WHAT TO WORK ON: An exact copy is needed of the lines in the entries below from the line with "5年生は、木楽荘での活動をふ" up to and including the line with "The wearable blanket", and of nothing else. Leave the pictures out.

DATA FOR PROCESSING:
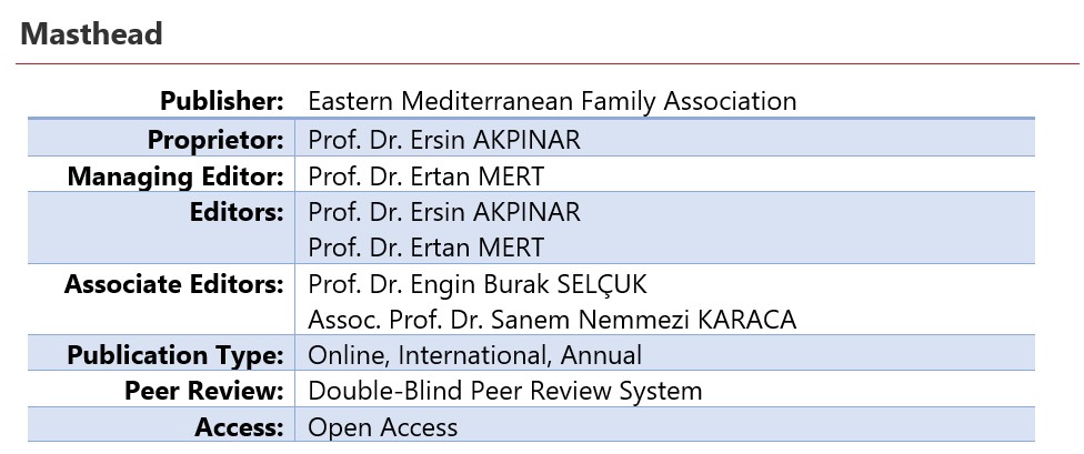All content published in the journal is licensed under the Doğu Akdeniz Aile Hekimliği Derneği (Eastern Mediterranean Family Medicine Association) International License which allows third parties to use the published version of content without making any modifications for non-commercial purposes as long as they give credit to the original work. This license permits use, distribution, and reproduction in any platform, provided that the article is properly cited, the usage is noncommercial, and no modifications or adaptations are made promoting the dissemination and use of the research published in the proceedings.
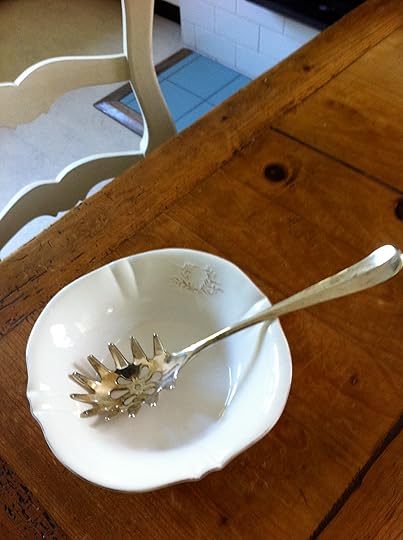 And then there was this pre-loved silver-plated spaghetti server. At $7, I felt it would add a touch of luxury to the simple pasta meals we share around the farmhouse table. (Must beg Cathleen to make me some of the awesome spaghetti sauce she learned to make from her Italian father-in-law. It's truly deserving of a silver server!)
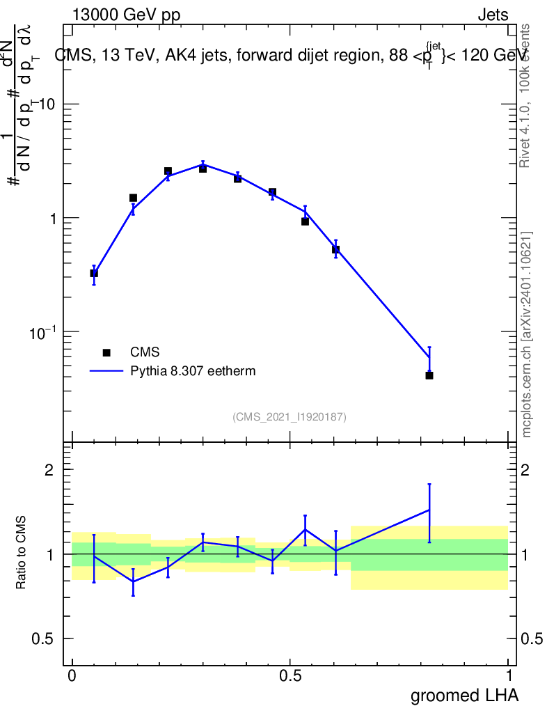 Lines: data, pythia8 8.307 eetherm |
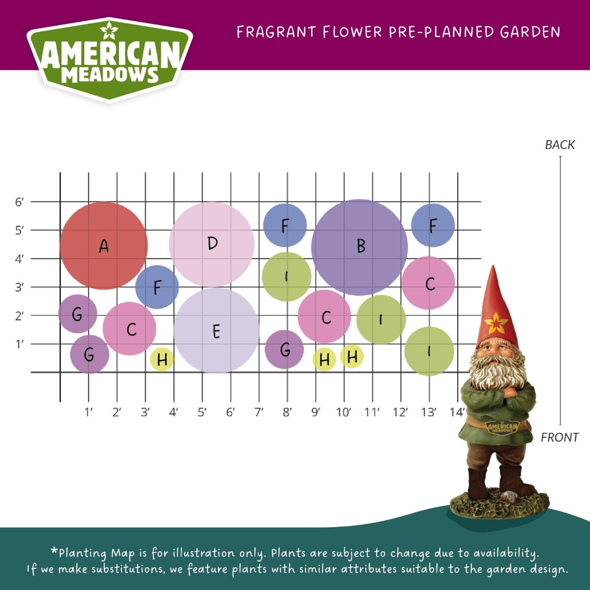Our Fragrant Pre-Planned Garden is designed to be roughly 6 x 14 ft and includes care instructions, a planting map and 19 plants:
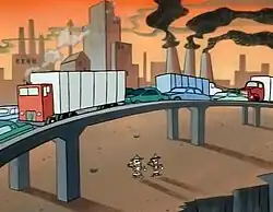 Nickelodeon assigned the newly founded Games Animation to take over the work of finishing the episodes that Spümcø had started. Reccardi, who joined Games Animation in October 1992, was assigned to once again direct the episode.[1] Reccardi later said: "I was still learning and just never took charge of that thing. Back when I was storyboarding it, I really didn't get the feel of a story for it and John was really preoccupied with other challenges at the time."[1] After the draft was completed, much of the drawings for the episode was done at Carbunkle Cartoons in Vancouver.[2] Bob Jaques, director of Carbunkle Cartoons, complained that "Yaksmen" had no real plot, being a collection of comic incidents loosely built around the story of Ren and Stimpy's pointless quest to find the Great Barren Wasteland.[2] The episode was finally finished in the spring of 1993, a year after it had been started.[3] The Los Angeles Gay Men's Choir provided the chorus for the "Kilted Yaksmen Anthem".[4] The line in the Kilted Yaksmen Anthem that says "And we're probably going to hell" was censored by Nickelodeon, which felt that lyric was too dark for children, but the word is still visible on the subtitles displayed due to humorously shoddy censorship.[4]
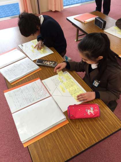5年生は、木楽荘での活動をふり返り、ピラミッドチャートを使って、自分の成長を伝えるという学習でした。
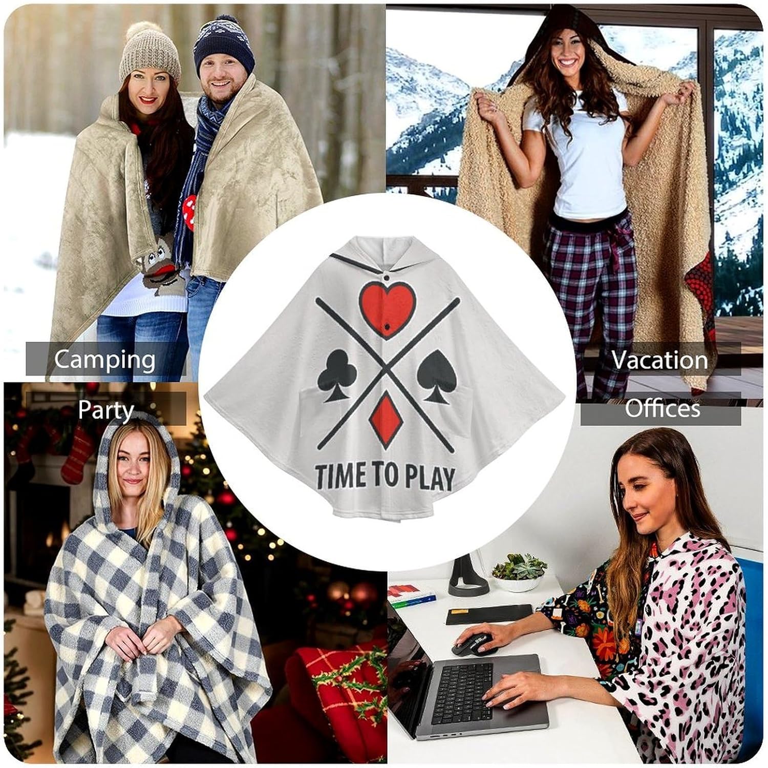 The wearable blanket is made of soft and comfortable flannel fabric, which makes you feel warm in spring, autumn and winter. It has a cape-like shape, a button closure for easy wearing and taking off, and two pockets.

---

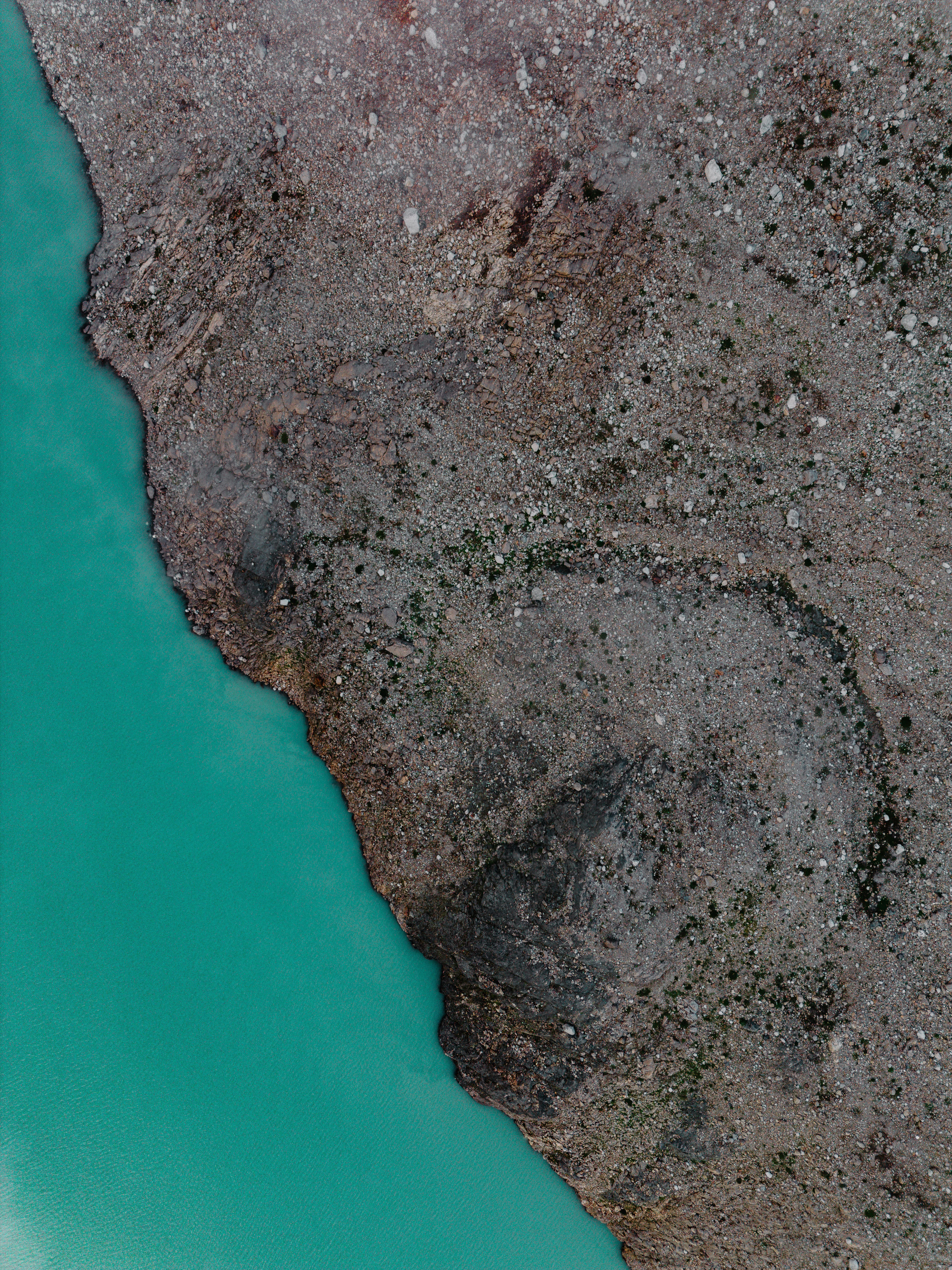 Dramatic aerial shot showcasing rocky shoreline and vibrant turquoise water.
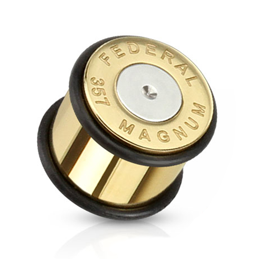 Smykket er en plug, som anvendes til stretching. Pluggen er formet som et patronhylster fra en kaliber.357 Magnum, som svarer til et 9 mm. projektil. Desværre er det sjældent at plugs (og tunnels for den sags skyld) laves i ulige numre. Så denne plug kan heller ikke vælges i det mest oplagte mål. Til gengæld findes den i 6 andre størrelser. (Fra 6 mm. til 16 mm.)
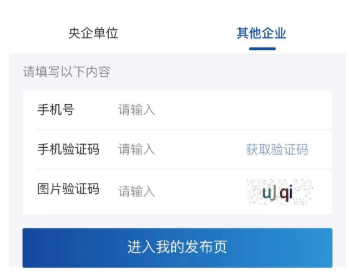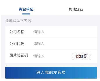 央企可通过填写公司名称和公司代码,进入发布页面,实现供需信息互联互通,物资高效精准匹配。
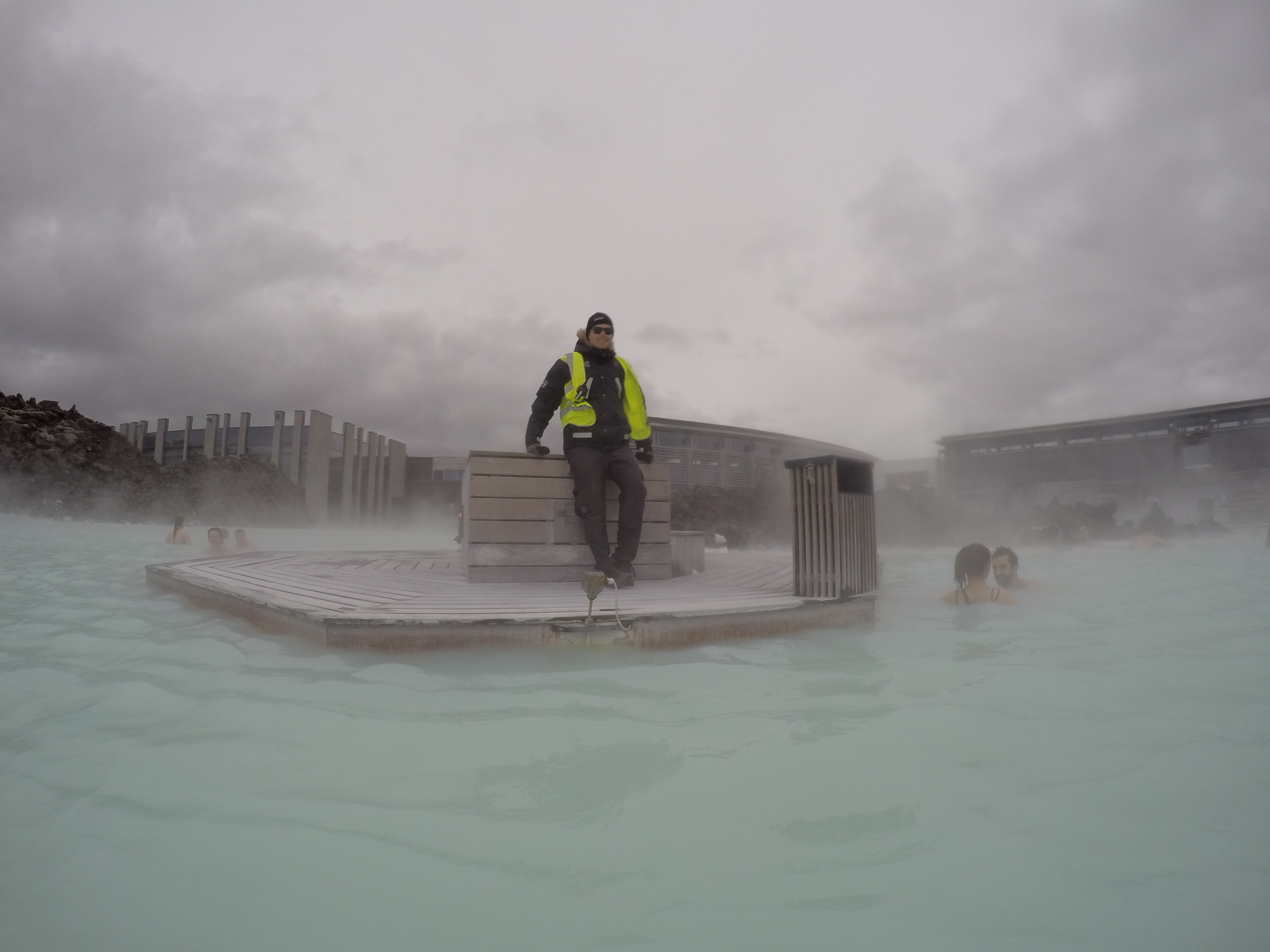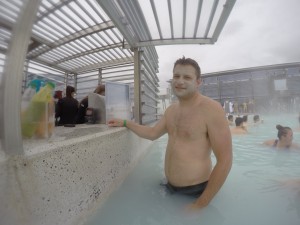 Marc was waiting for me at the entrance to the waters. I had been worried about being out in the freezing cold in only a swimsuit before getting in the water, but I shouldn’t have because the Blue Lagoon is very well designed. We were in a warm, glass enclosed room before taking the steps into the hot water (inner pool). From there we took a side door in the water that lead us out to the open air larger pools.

ANSWER TO THE PROBLEM:
5年生は、木楽荘での活動をふり返り、ピラミッドチャートを使って、自分の成長を伝えるという学習でした。
 The wearable blanket is made of soft and comfortable flannel fabric, which makes you feel warm in spring, autumn and winter. It has a cape-like shape, a button closure for easy wearing and taking off, and two pockets.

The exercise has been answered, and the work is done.